• [EXERCISE DESCRIPTION] Word for word, the data below must be repeated in full; no picture is to be included.

• [Records from a collection]
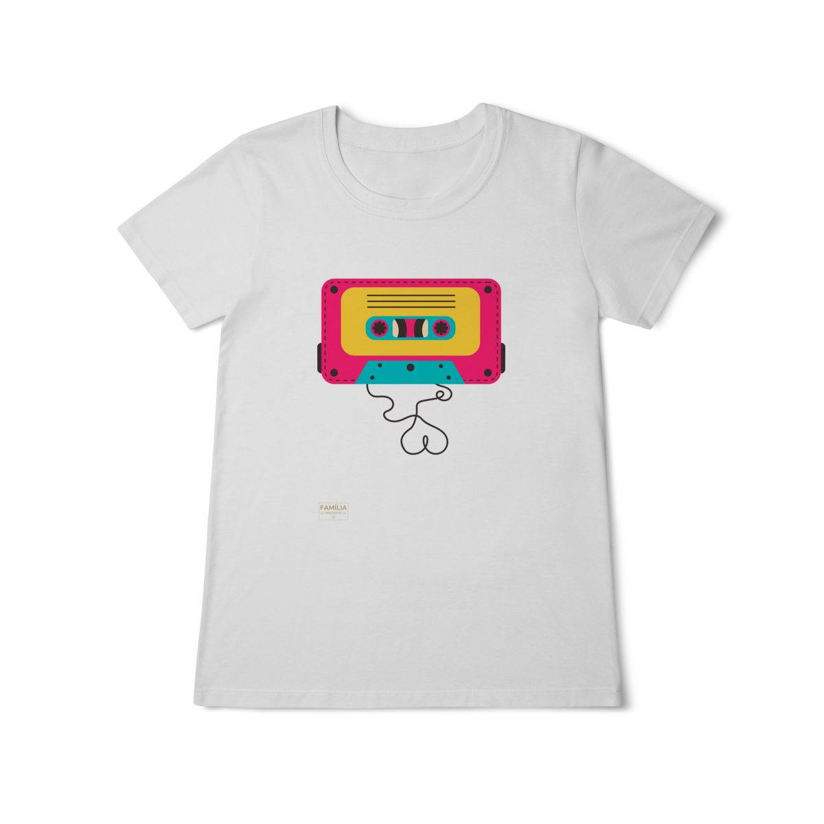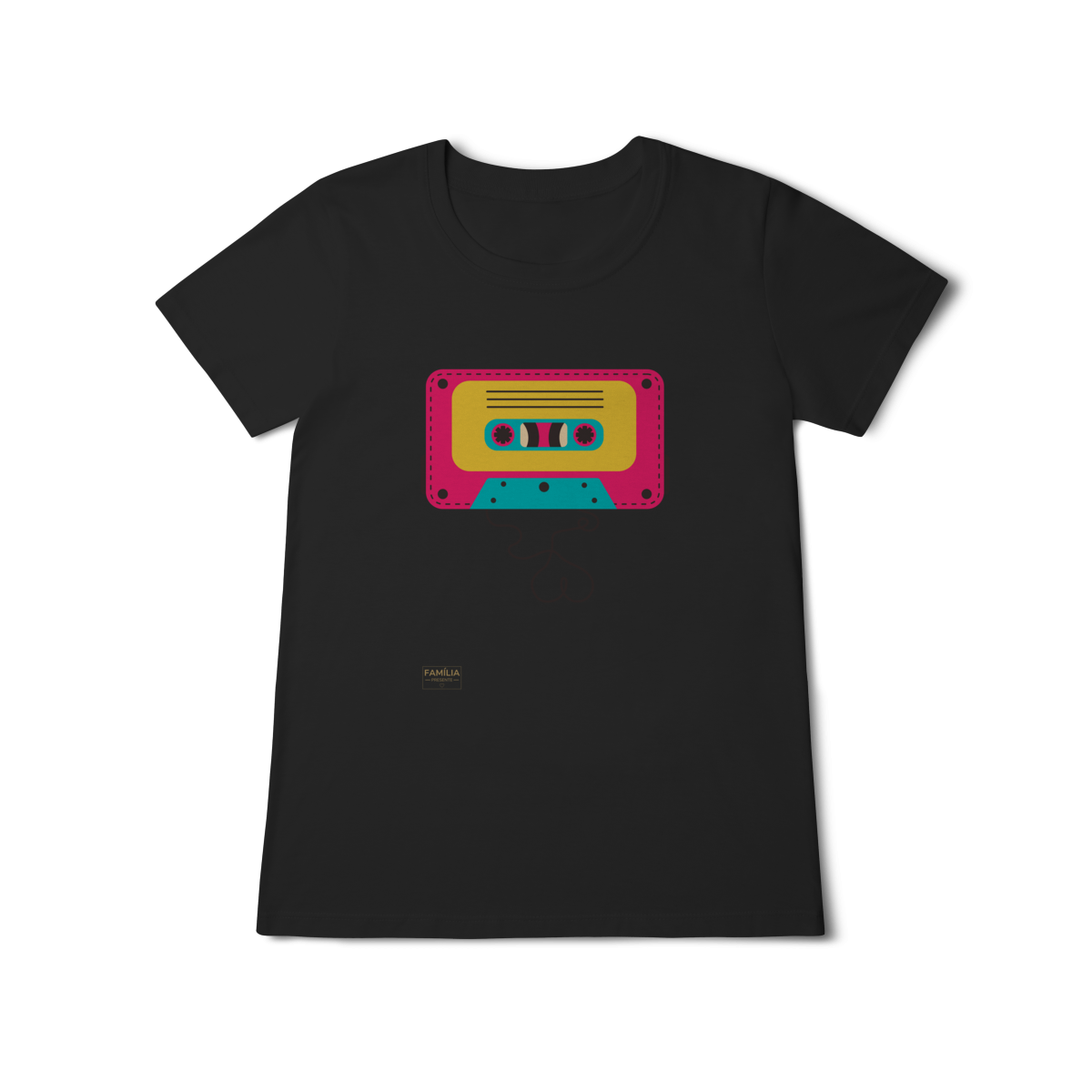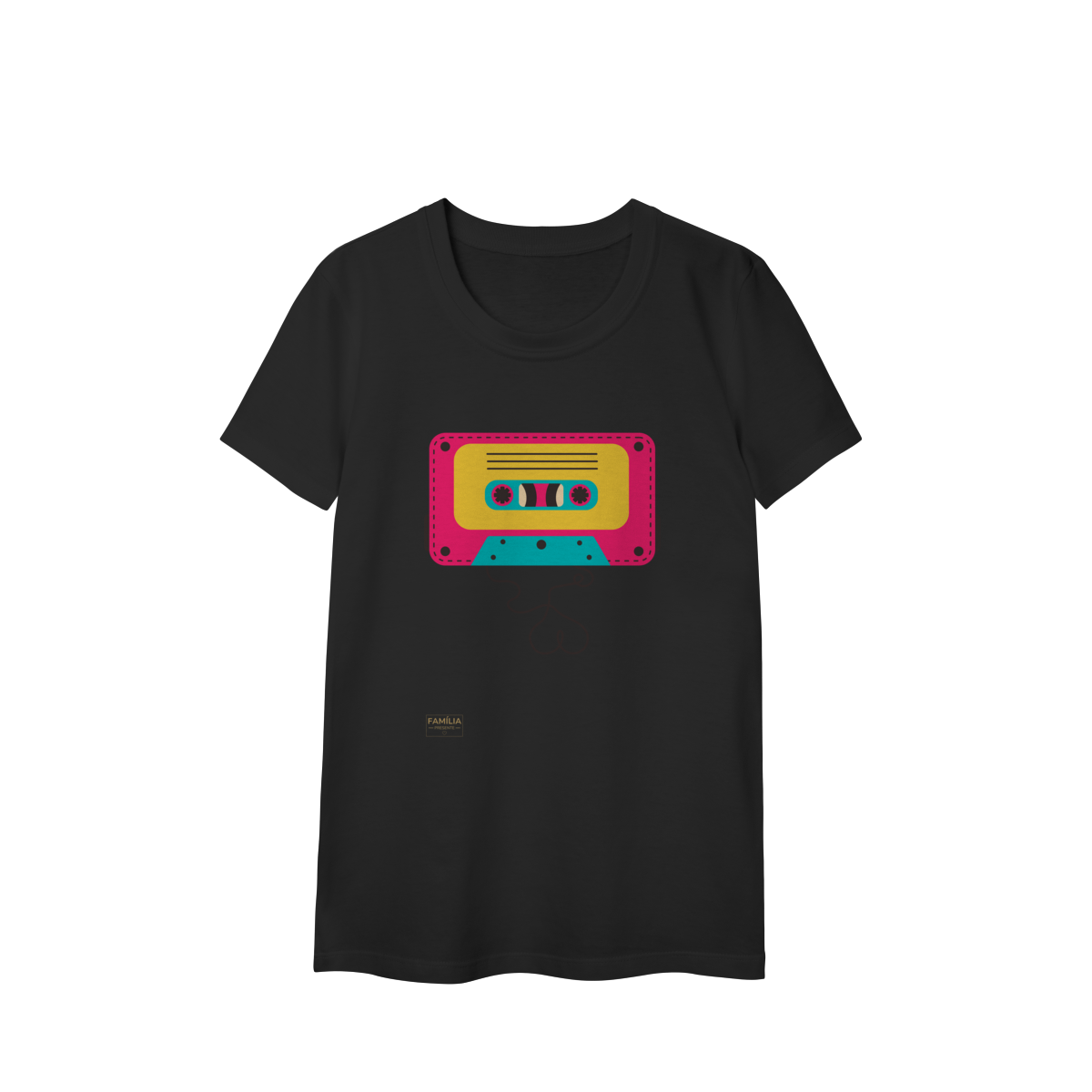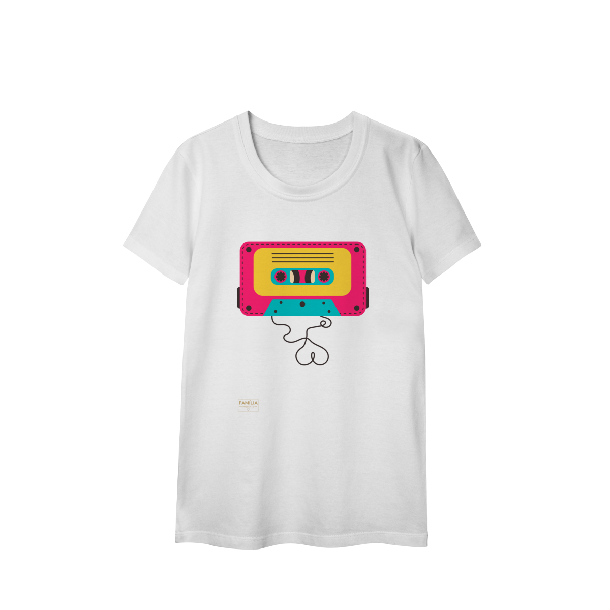Camiseta FITA CASSETE celebra os dias em que a trilha sonora vinha enrolada em fita — e cada lado tinha um sentimento diferente.
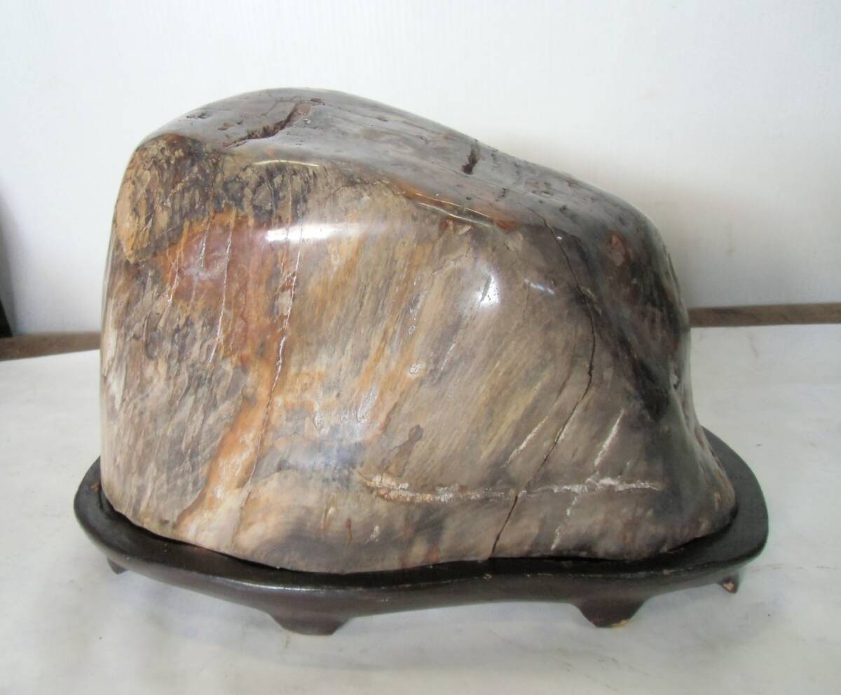 - ■ け-10 置石 時代物 台座付 盆石 オブジェ 鑑賞石 ※約寸:高15cm 幅27cm 奥13cm 重さ6.4kg
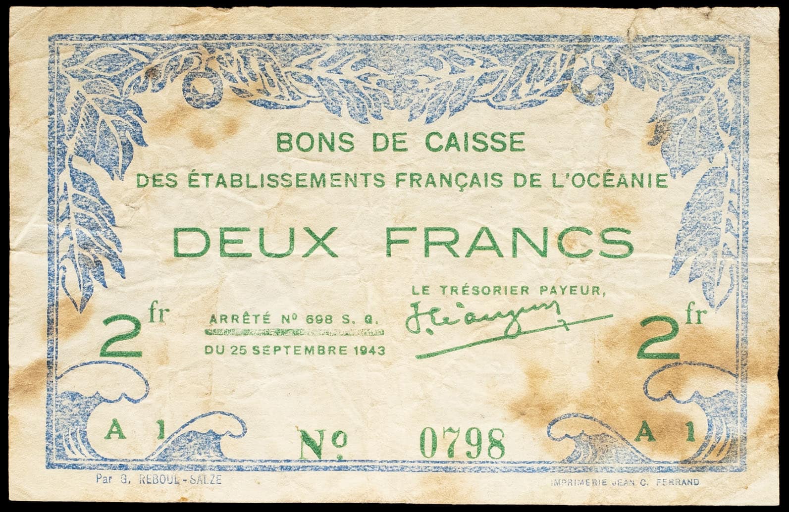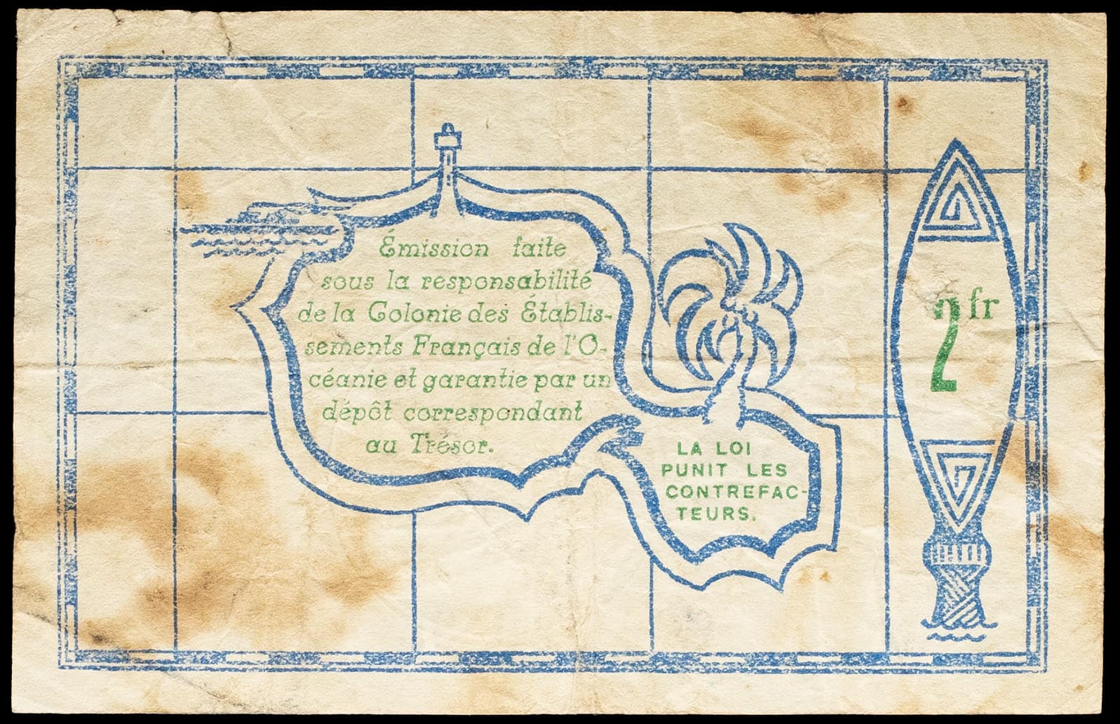 - FRENCH POLYNESIA / FRENCH OCEANIA Bon de 2 francs type “bleu et vert” 25 septembre 1943.
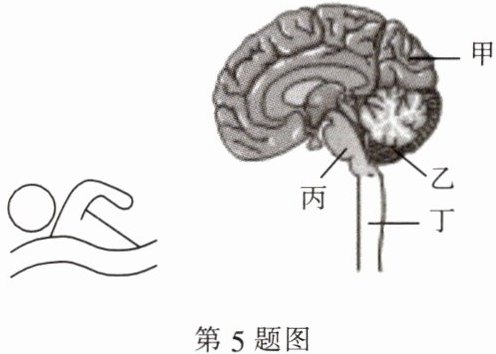 5. 如图,下列关于游泳时神经系统发挥作用的叙述,正确的是(
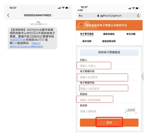 6.缴费成功后,手机会接收到短信通知,按照短信的内容,去查验网址查询相关电子票信息,并进行下载操作
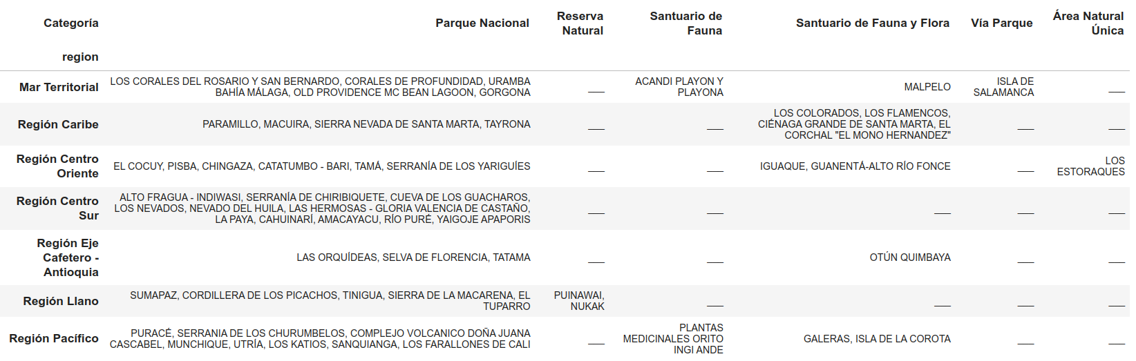En las regiones del centro-oriente, sur y sur-occidente del país, existen un considerable número de parques naturales con poca o nula infraestructura turística. Al conectarlos por vía aérea, terrestre o marítima, brindando seguridad, ampliará la oferta de destinos en el país diversificando el portafolio de servicios turísticos que no solo compitan; sino que también inviten a extender la duración de la estadía de los huéspedes.
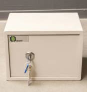 Grijsgelakte stalen brandkast met sleutel, uitvoering De Raat, 25 x 35 x 25 cm
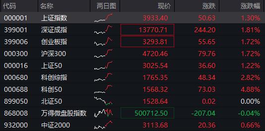 10月9日,A股午后延续涨势,三大股指集体涨超1%,沪指攻破3900点关口,为2015年8月以来首次,创业板逼近3300点,科创50大涨近5%,半导体产业链持续大爆发,华虹公司20CM涨停。
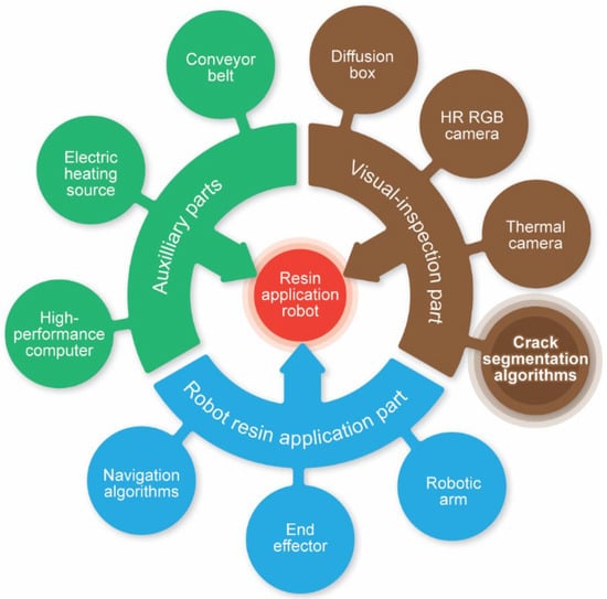 This section outlines the preliminary conceptual design and basic components of an autonomous robot for resin application in marble slabs for the healing of surface cracks. The development of the proposed DL algorithm for the visual localization/detection of cracks in marble tiles is meant to be integrated in the system’s design. In what follows, assumptions to determine the general preliminary framework of the robotic system to be developed are made. Therefore, the proposed system may consist of the following three main parts:

• [ANSWER TO THIS EXERCISE]
Camiseta FITA CASSETE celebra os dias em que a trilha sonora vinha enrolada em fita — e cada lado tinha um sentimento diferente.
 - ■ け-10 置石 時代物 台座付 盆石 オブジェ 鑑賞石 ※約寸:高15cm 幅27cm 奥13cm 重さ6.4kg
 - FRENCH POLYNESIA / FRENCH OCEANIA Bon de 2 francs type “bleu et vert” 25 septembre 1943.
 5. 如图,下列关于游泳时神经系统发挥作用的叙述,正确的是(
 6.缴费成功后,手机会接收到短信通知,按照短信的内容,去查验网址查询相关电子票信息,并进行下载操作
En las regiones del centro-oriente, sur y sur-occidente del país, existen un considerable número de parques naturales con poca o nula infraestructura turística. Al conectarlos por vía aérea, terrestre o marítima, brindando seguridad, ampliará la oferta de destinos en el país diversificando el portafolio de servicios turísticos que no solo compitan; sino que también inviten a extender la duración de la estadía de los huéspedes.
 Grijsgelakte stalen brandkast met sleutel, uitvoering De Raat, 25 x 35 x 25 cm
 10月9日,A股午后延续涨势,三大股指集体涨超1%,沪指攻破3900点关口,为2015年8月以来首次,创业板逼近3300点,科创50大涨近5%,半导体产业链持续大爆发,华虹公司20CM涨停。
 This section outlines the preliminary conceptual design and basic components of an autonomous robot for resin application in marble slabs for the healing of surface cracks. The development of the proposed DL algorithm for the visual localization/detection of cracks in marble tiles is meant to be integrated in the system’s design. In what follows, assumptions to determine the general preliminary framework of the robotic system to be developed are made. Therefore, the proposed system may consist of the following three main parts:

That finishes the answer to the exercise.